Após o anúncio da venda do Twitter ao bilionário Elon Musk, o presidente Jair Bolsonaro (PL) e figuras aliadas registraram um salto de seguidores em seus perfis na rede social.
A plataforma aceitou na segunda-feira (25) a oferta de U$ 44 bi (R$ 214 bilhões) de Musk, atualmente o homem mais rico do mundo, cujo objetivo é tornar a rede uma empresa de capital fechado, como forma de garantir a livre circulação de ideias.
A partir de terça-feira (26), um dia depois, bolsonaristas começaram a relatar crescimentos exponenciais na rede. Pelo menos trinta 30 contas alinhadas ao presidente foram turbinadas, entre políticos, influenciadores, empresários e comunicadores.

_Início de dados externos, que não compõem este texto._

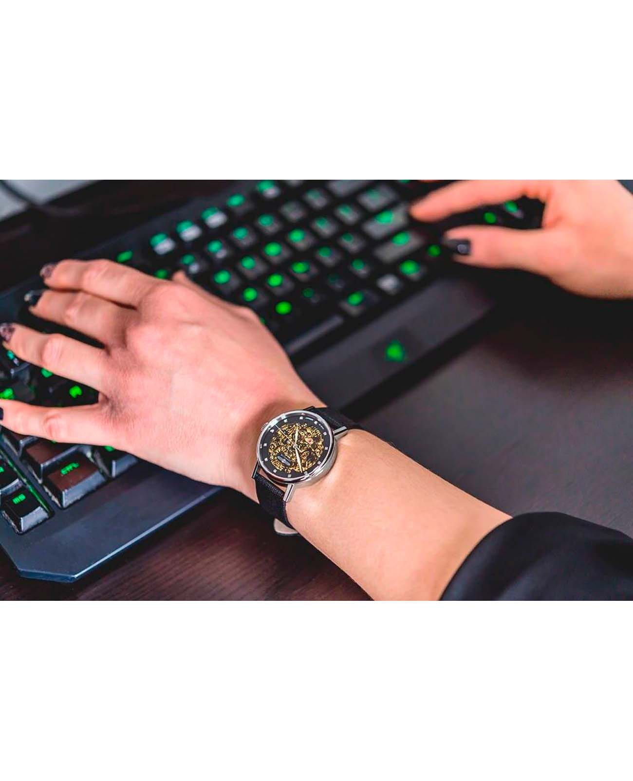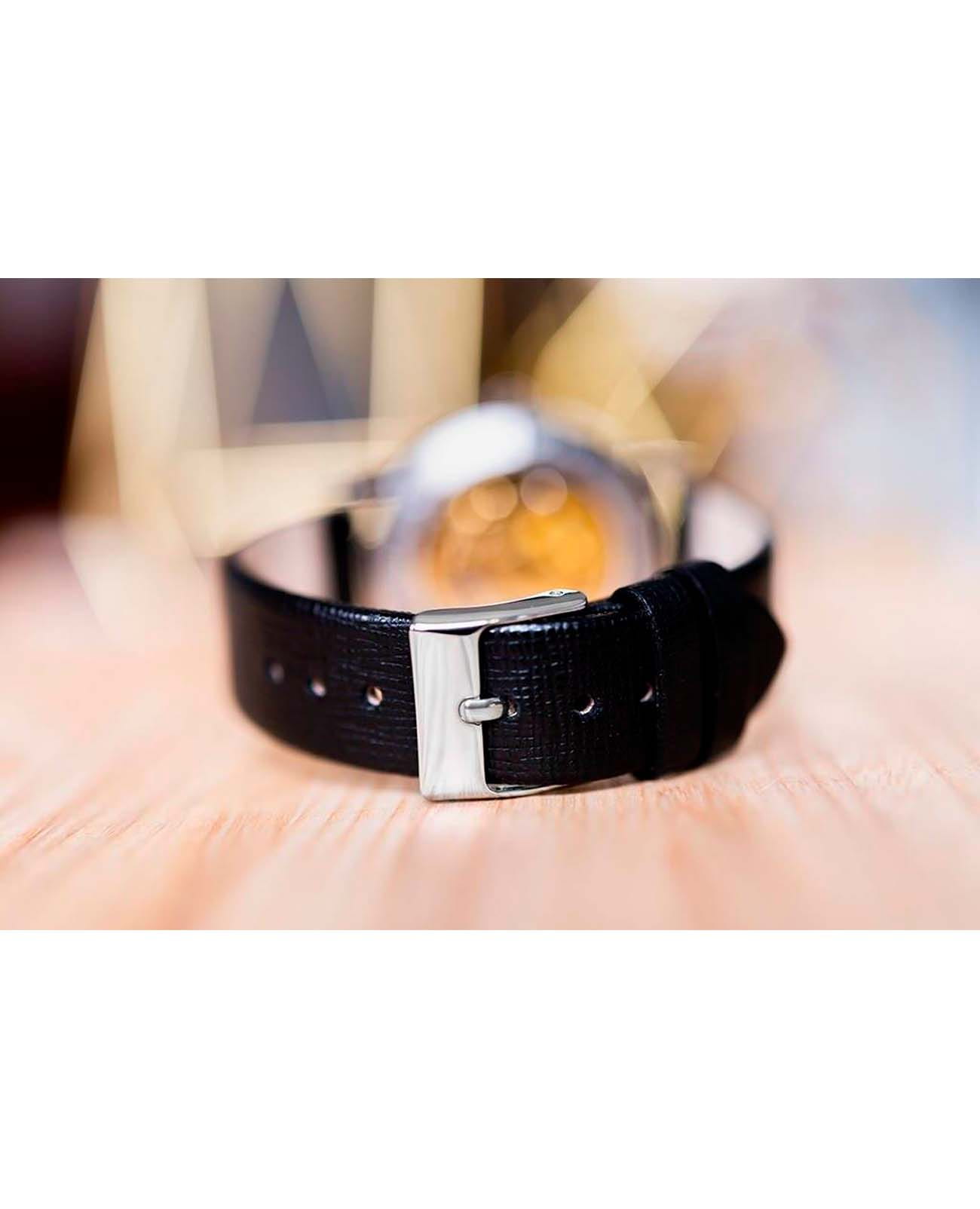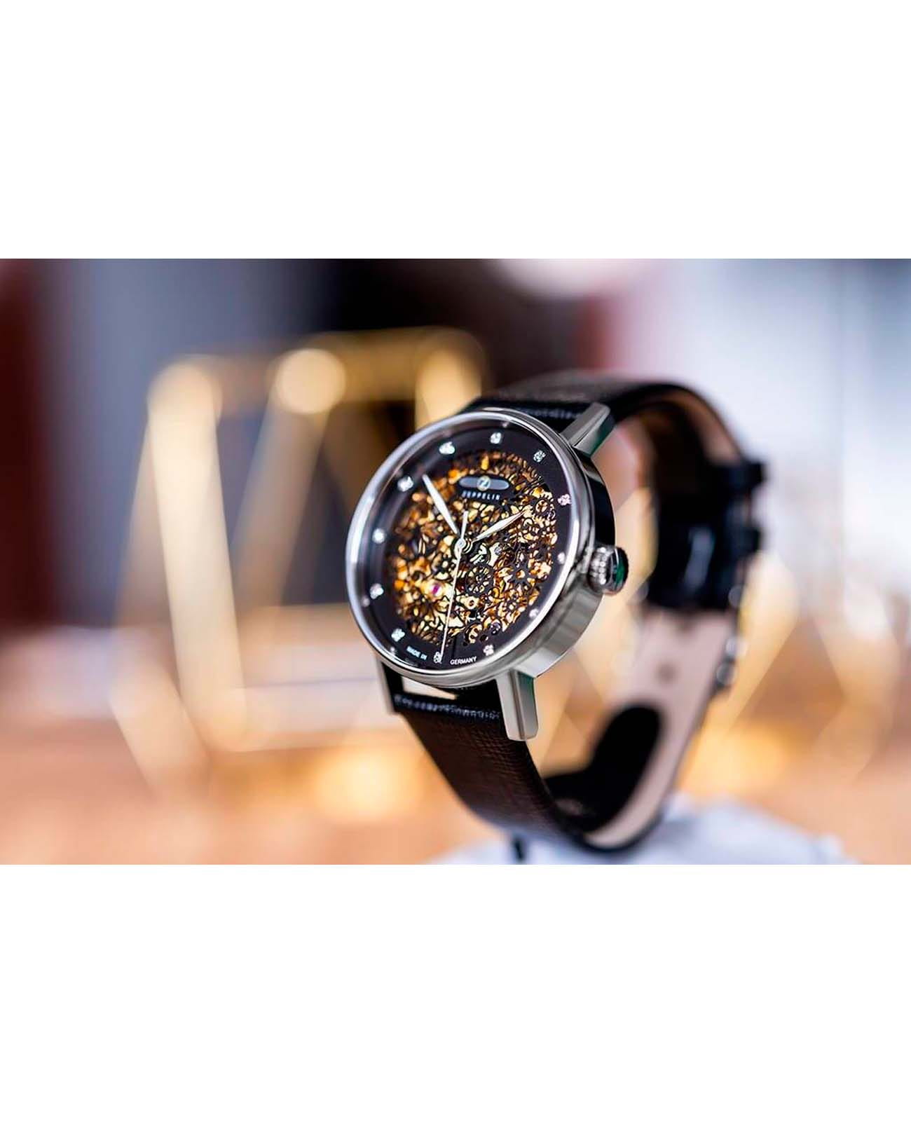 Женские наручные часы Zeppelin Princess of the Sky 7461-2 сочетают в себе элегантный дизайн и точность автоматического механизма. Модель обладает круглым корпусом диаметром 36 мм, изготовленным из нержавеющей стали, что обеспечивает высокую устойчивость к внешним воздействиям. Браслет выполнен из чёрной кожи с классической застежкой, гарантирующей комфортное ношение и стильный внешний вид. Циферблат скелетонирован, открывая взору механизм с 21 драгоценным камнем, и украшен тонкими узорчатыми деталями, добавляющими особый шарм и элегантность. Для защиты используется минеральное стеклоМинеральное стеклоМинеральное стекло представляет собой искусственно выращенный минерал кварца. Такое стекло отличается особой устойчивостью к повреждениям и царапинам. Уступает по некоторым качествам сапфировому стеклу. с антибликовое покрытиеАнтибликовое покрытиеСлой оксида металла в 0,13-0,3 микрон, благодаря которому стекло часов не бликует и не отражает свет. Антибликовое покрытие уменьшает отражение света в 10 раз, обеспечивая отличную читаемость показателей циферблата., обеспечивающее прочную защиту от царапин и отличную видимость циферблата. Часы работают на автоматическом механизме Citizen-Miyota 8N24G с запасом хода около 40 часов и частотой работы 21600 а/h, который не требует замены батареек и заряжается за счет движения руки. Водонепроницаемость часов достигает 5 атмосфер (50 метров), что позволяет использовать их в повседневной жизни, но не рекомендуется для плавания или дайвинга.

Jair Bolsonaro foi o maior beneficiado, somando 192 mil novos seguidores até esta quinta-feira (28), de acordo com a ferramenta de monitoramento Social Blade. A média diária em abril era de 4.200.
Expansões muito acima da média também foram registradas no Twitter de filhos do presidente, como Flávio Bolsonaro (PL) e Carlos Bolsonaro (Republicanos), de políticos aliados, como Damares Alves e Carla Zambelli (PL-SP), e de influenciadores e empresários como Luciano Hang e o perfil TeAtualizei.
O perfil de de Olavo de Carvalho, morto em janeiro, ganhou 5700 seguidores na quarta (27), mesmo sem ter feito nenhuma postagem naquele dia. A faixa era de 200 seguidores diários anteriormente. O mesmo ocorreu com o ex-ministro do Turismo Gilson Machado, que não teve atividade na rede na terça (26), mas conseguiu 6.700 seguidores.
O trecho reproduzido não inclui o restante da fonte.